The main thing is you cannot have "real" dynamic memory on MCU or any processor without MMU
Sooner or later it will ever end up with fragmentation with no way to solve it
Blocks must have fixed locations or be every time created and released in a fixed order
Absolutely incorrect. Even (older versions of) the Linux kernel can run MMU-less. A memory management unit can provide virtual memory and/or limit access to regions of memory, but is in no way necessary for dynamic memory management. In particular, see
uClibc-ng, a standard C library implementation for MMU-less processors.
Furthermore, indirect pointers can be used to avoid memory fragmentation. Here is an example implementation in C.

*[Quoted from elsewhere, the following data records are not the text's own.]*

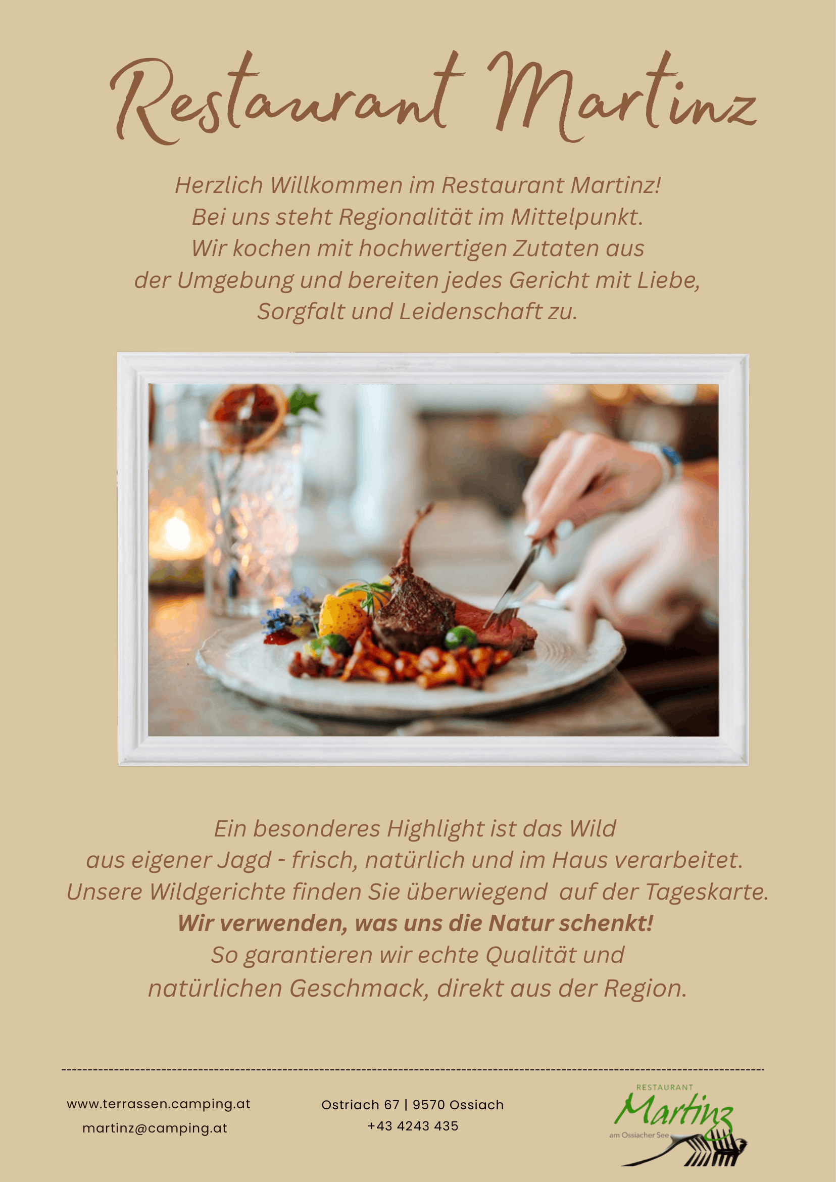 We source our organic beef from Carinthian farmers in the Mölltal valley, among others. We are particularly proud that our game specialties are sourced entirely by our chef Bruno and junior chef Johanna, who actively hunt themselves—it doesn’t get much more regional than that.
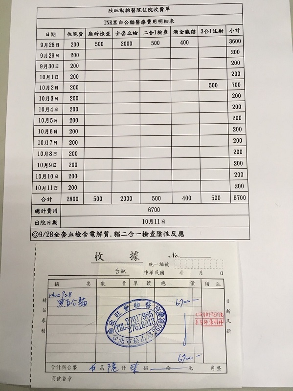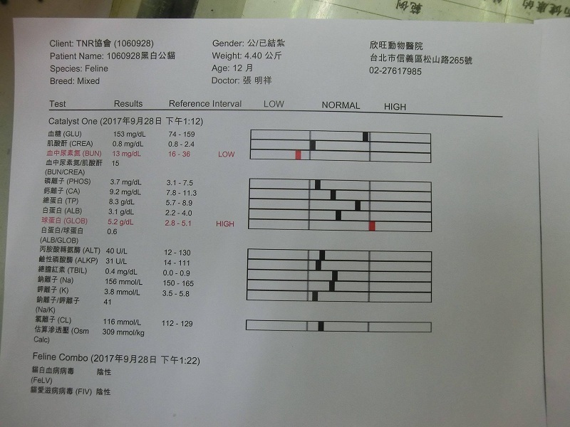 主題: 進行血檢及隔離觀察的黑白公貓小貪吃 申請者姓名: 臺北市支持流浪貓絕育計劃協會 花色: 申請日期: 2017-11-15 14:00:00 申請者部落格: 申請者臉書網址: 所在縣市/合作醫院: 台北市/欣旺動物醫院 治療費用: 6700元 需求人數: 15人 已結案 (2019-07-11 13:27:17) 報名人員: Naommi(已付款)、lunyi(已付款)、ocean、仔仔的媽(已付款)、林小豬(已付款)、Mei Hsien Liu(已付款)、雲雲(已付款)、陳小鴨 x2(已付款)、黃美芳(已付款)、Puffy(已付款)、Jessie Chang(已付款)、f43067(已付款)、bearishym(已付款)、Tzu Ning Kuo x2(已付款)、 候補人員: 動物病情說明: 小貪吃原先為已絕育的街貓
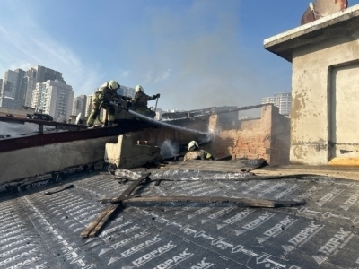 A fire broke out on the roof of a building located on 1953rd Street in the Mehterçeşme Neighborhood.

First, we have an indirect pointer structure:
struct iptr {
uint32_t offset;
uint32_t length;
int16_t used;
int16_t refs;
}
We could use a direct pointer instead of offset, but if we use an offset to the dynamic memory region, this can be used in fully featured C code running under and actual OS (where the region can shrink and grow, requesting more memory from the OS, and returning unneeded memory back to the OS), as well as on a microcontroller.
The
length field is optional, and is useful if the indirect pointer is accessed via a helper function (say
get_u32(id, offset, errorval)) to eliminate buffer under- and overruns; the
errorval being returned if access is attempted outside the buffer (so that no "errors" can ever occur). The
id identifies which
struct iptr is being used, but more on that further below.
The
refs counter is a simple reference counter, and starts at 1 when the memory is allocated. However, if these objects are used in a list or a tree or in other ways refer to each other, the
used counter can be used to make sure that an allocation still in use is not freed before it is no longer used. A typical interface is
get_iptr(id)/iptr_ref(id) to increment the counter, and
put_iptr(id)/iptr_unref(id) to decrement the counter. There is no "free()" per se; whenever the
refs counter drops to zero, the region will be freed.
The
used counter is a simple lock, indicating the data itself is being used. A typical interface is
iptr_use_begins(id) at the beginning of some operation that uses the dynamically allocated region, with a corresponding
iptr_use_ends(id) when that access or loop completes.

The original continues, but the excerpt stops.